- Dataset extract
= Beginning of Section =
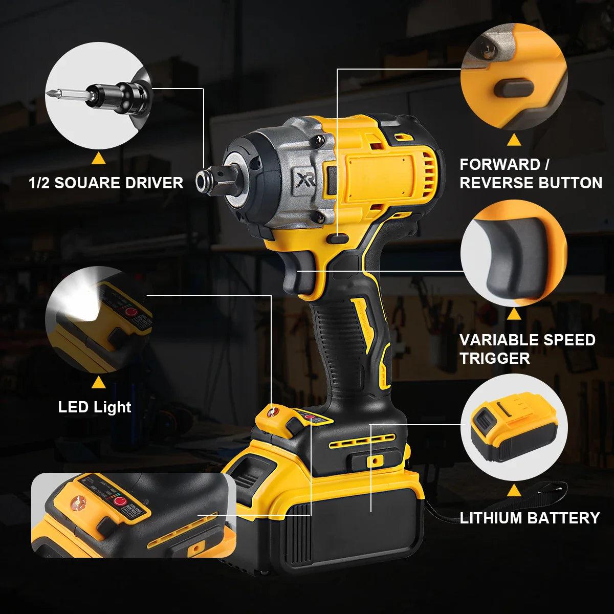 • Exceptional Torque: The impact wrench achieves a maximum torque of 320Nm, making it ideal for heavy-duty applications.
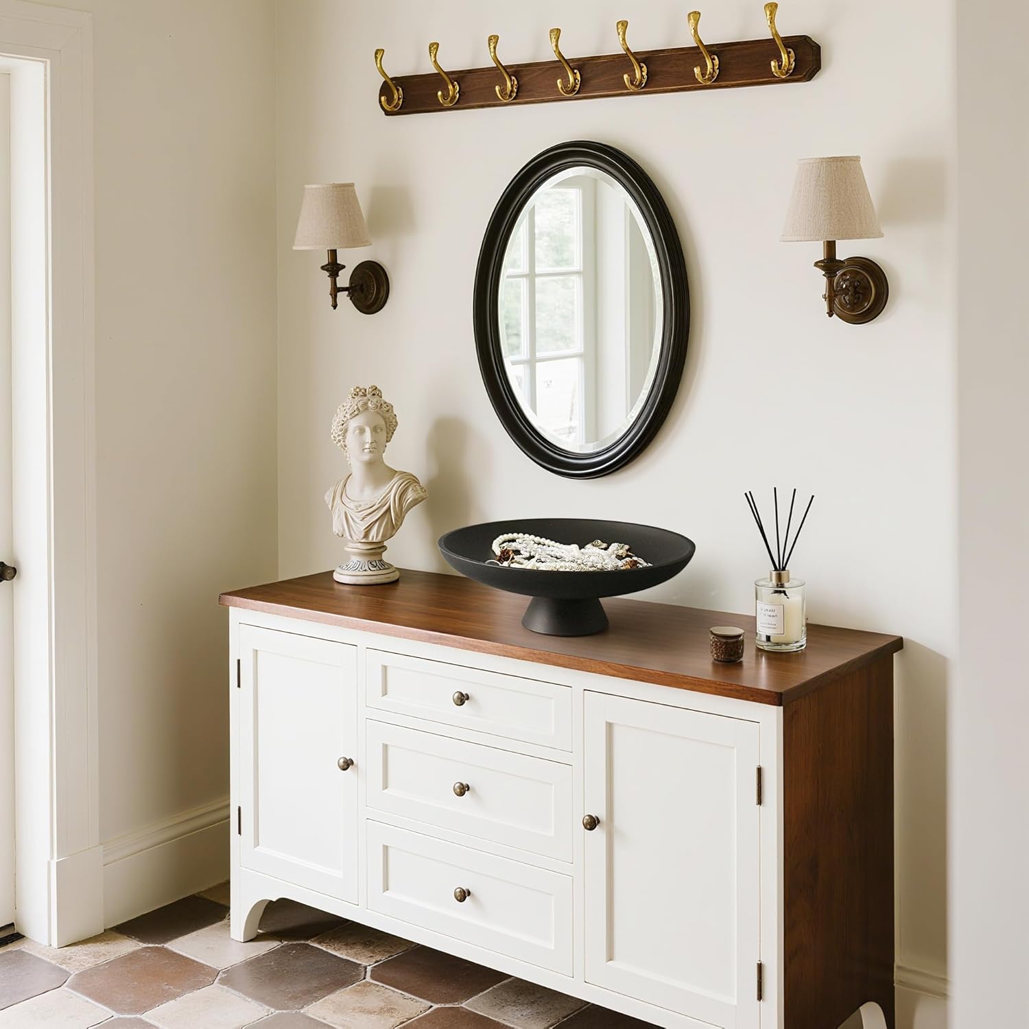 Modern Resin Pedestal Decorative Bowl, Large Fruit Bowl for Kitchen Counter, Stylish Key Bowl for Entryway Table, Matte Black
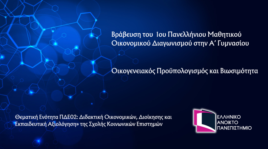 Η Σχολή Κοινωνικών Επιστημών του Ελληνικού Ανοικτού Πανεπιστημίου, στο πλαίσιο του Ειδικού Προγράμματος Παιδαγωγικής και Διδακτικής Επάρκειας – «Θεματική Ενότητα ΠΔΕ02: Διδακτική Οικονομικών, Διοίκησης και Εκπαιδευτική Αξιολόγηση», πραγματοποίησε τον 1ο Πανελλήνιο Μαθητικό Οικονομικό Διαγωνισμού στην Α’ Γυμνασίου, για το σχολικό έτος 2022-2023 με θέμα: «ΟΙΚΟΓΕΝΕΙΑΚΟΣ ΠΡΟΫΠΟΛΟΓΙΣΜΟΣ ΚΑΙ ΒΙΩΣΙΜΟΤΗΤΑ». Από τα αποτελέσματα της αξιολόγησης, προκύπτει ότι...
= End of Section =
- Work item
Reproduce word for word the lines from the one containing "Modern Resin Pedestal" through the end of the data, both ends kept. Drop the pictures.

- Solution to this exercise
 Modern Resin Pedestal Decorative Bowl, Large Fruit Bowl for Kitchen Counter, Stylish Key Bowl for Entryway Table, Matte Black
 Η Σχολή Κοινωνικών Επιστημών του Ελληνικού Ανοικτού Πανεπιστημίου, στο πλαίσιο του Ειδικού Προγράμματος Παιδαγωγικής και Διδακτικής Επάρκειας – «Θεματική Ενότητα ΠΔΕ02: Διδακτική Οικονομικών, Διοίκησης και Εκπαιδευτική Αξιολόγηση», πραγματοποίησε τον 1ο Πανελλήνιο Μαθητικό Οικονομικό Διαγωνισμού στην Α’ Γυμνασίου, για το σχολικό έτος 2022-2023 με θέμα: «ΟΙΚΟΓΕΝΕΙΑΚΟΣ ΠΡΟΫΠΟΛΟΓΙΣΜΟΣ ΚΑΙ ΒΙΩΣΙΜΟΤΗΤΑ». Από τα αποτελέσματα της αξιολόγησης, προκύπτει ότι...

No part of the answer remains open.